Sunday marked 100 days until President Donald Trump is expected to face off against presumptive Democratic presidential nominee Joe Biden—and new polls on the coronavirus pandemic, the economy, and the opinions of voters in key battleground states suggest Americans are increasingly unhappy with Trump.
National polling results released Sunday by the Associated Press-NORC Center for Public Affairs Research found that 80% of U.S. adults across the political spectrum think the country is headed in the wrong direction. Only 8% of Democrats and 31% of Republicans—both record lows—say the nation is headed in the right direction.
Approval of Trump's handling the Covid-19 pandemic also hit a record low, with just 32% respondents saying they approve. Similarly, only 36% said they approve of how the president has handled education and healthcare. Although more respondents (48%) said they approve of how Trump has handled the economy, that percentage still represented a significant drop from January, before the pandemic led tens of thousands of Americans to lose their jobs with limited support from the federal government.
Overall, 61% of Americans currently disapprove of Trump's performance as president, which is a slight drop from earlier this year but still aligns with the public opinion throughout his first term. The poll was conducted July 16-20 and the margin of sampling error for all adults is +/- 4.3 percentage points.
Mounting frustration with the president could benefit Biden at the ballot box. As the AP reported in a piece about the polling results Sunday:
Biden's campaign is eager to keep the final months of the campaign focused squarely on Trump, confident that the former vice president can emerge victorious if the contest is a referendum on whether the current commander in chief has succeeded during his four years in office.
"People are sick and tired of a government that is divided and broken and unable to get things done," said Kate Bedingfield, Biden's deputy campaign manager. "What people feel like they're getting from Trump right now is a hodgepodge mess of self-interested political talk."
Biden is now leading in three battleground states that Trump won in the 2016 general election, according to CNN polling conducted by SSRS and released Sunday.
Among registered voters, the polling showed, the former vice president leads the current president 52% to 40% in Michigan, 51% to 46% in Florida,and 49% to 45% in Arizona. Trump's overall disapproval rating is also notable in all three states: 57% in Michigan, 54% in Arizona, and 51% in Florida.
An even greater share of voters across all three states—60% in Arizona, 59% in Michigan, and 57% in Florida—disapprove of how Trump has handled the Covid-19 crisis, the pollsters found. The surveys were conducted July 18-24 and have a margin of sampling error of +/- 3.6 percentage points.
The polls on Sunday followed survey results released Friday by MoveOn Political Action that suggested Trump's ongoing crackdown on protests in Portland, Oregon and his threats to send federal agents into other major U.S. cities could have consequences at the ballot box for not only him but also Republican senators facing re-election.
Those surveys conducted by Public Policy Polling showed that registered voters in Arizona, Maine, and North Carolina "don't like what [Trump] is doing and are fed up" with Sens.

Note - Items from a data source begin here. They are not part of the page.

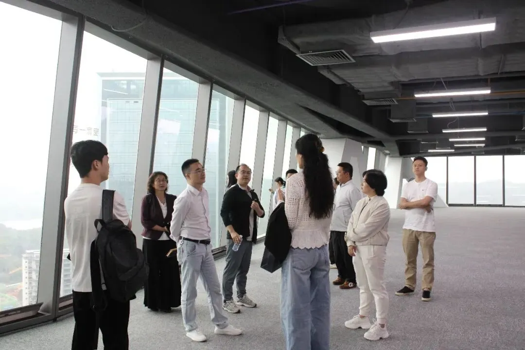 龙岗天安数码相关负责人介绍园区鸿蒙生态建设规划布局,并带领企业代表实地参观。在天安选品中心,近600平方米展厅涵盖3C数码、小家电、生活电器、工艺礼品等品类,面向优质企业开放免费展位,已完成多品类供应链整合。随后,企业代表登上天安中心顶楼停机坪俯瞰大运片区产业布局,参观园区新落成的凯悦嘉轩酒店,感受园区商务服务能级全面提升。
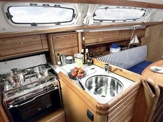 Navigation:Kompass, Echolot, Logge, Windex, UKW-Seefunk mit DSC, Kartenplotter, Hafenhandbücher, Seekarten, Navigationsbesteck, Fernglas, elektrische Windmessanlage, Handpeilkompass
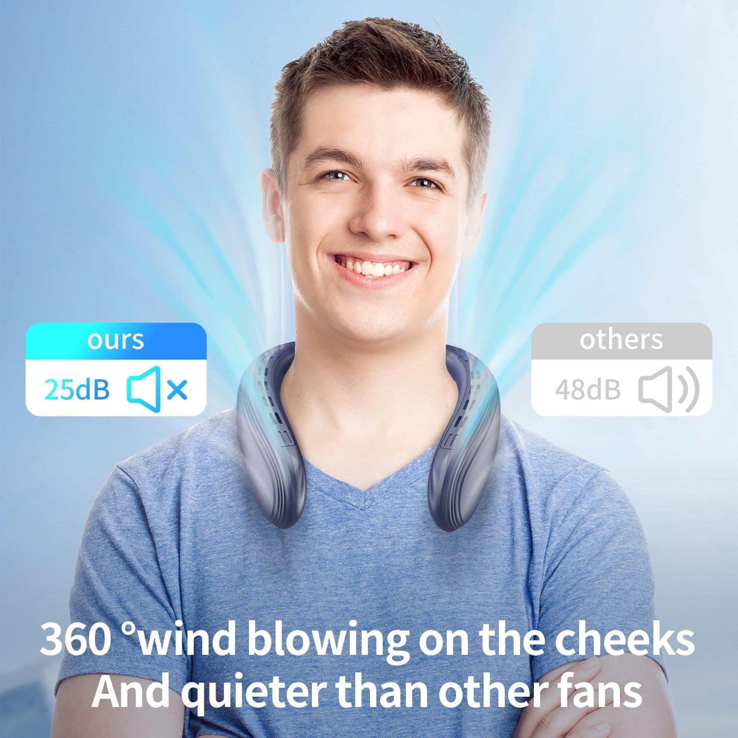 Fashionable&Comfortable: Perfect for queuing at Disneyland, camping, or playing golf, this fan features dual flexible silicone pads for a secure fit. Its sleek curves and smooth lines ensure a lightweight feel for long-term use. and Enjoy 360° airflow with a stylish and comfortable design, keeping you cool and fashionable in any setting.

Martha McSally (R-Ariz.), Susan Collins (R-Maine), and Thom Tillis (R-N.C.) "carrying water for him as he trundles toward authoritarianism," tweeted MoveOn.
The advocacy group called on Congress to pass legislation to block the administration from replicating the conditions in Portland in other cities and "investigate this abuse of Trump's power." MoveOn added that "we all need to do our part, including by voting out Trump and his enablers."

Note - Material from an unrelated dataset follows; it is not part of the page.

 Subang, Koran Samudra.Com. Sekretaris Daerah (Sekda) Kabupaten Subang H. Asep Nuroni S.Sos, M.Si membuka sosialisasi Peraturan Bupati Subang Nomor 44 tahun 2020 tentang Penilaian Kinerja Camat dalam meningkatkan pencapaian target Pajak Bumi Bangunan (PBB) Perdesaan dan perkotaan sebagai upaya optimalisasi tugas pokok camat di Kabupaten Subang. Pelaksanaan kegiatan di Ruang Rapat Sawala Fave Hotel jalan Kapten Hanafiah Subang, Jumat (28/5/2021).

Stewart Boss, a spokesperson for the Democratic Senatorial Campaign Committee, told The Hill Sunday that voters have rushed to support Democratic candidates as Trump has seen his approval ratings drop during the pandemic and resulting economic crisis.
"While Republicans have mismanaged the response to this unprecedented public health and economic crisis, our momentum has grown as Democrats have expanded the Senate map and our potential paths to ending Mitch McConnell's majority with 100 days to go," Boss said, referencing the upper chamber's GOP leader.
Sen. Elizabeth Warren (D-Mass.), a former presidential primary candidate who is now a contender for Biden's vice presidency, wrote in a series of tweets Sunday that there are only 100 days until the election, the country is facing multiple crises, "and Trump is unable to govern at even the most elementary level."
"The next 100 days will decide what kind of country we build together," Warren concluded. "We know this won't be easy. Nothing important ever is. We don't take on this fight because it's easy—we take on this fight because it's right. And I'm proud to stand shoulder to shoulder with you in it."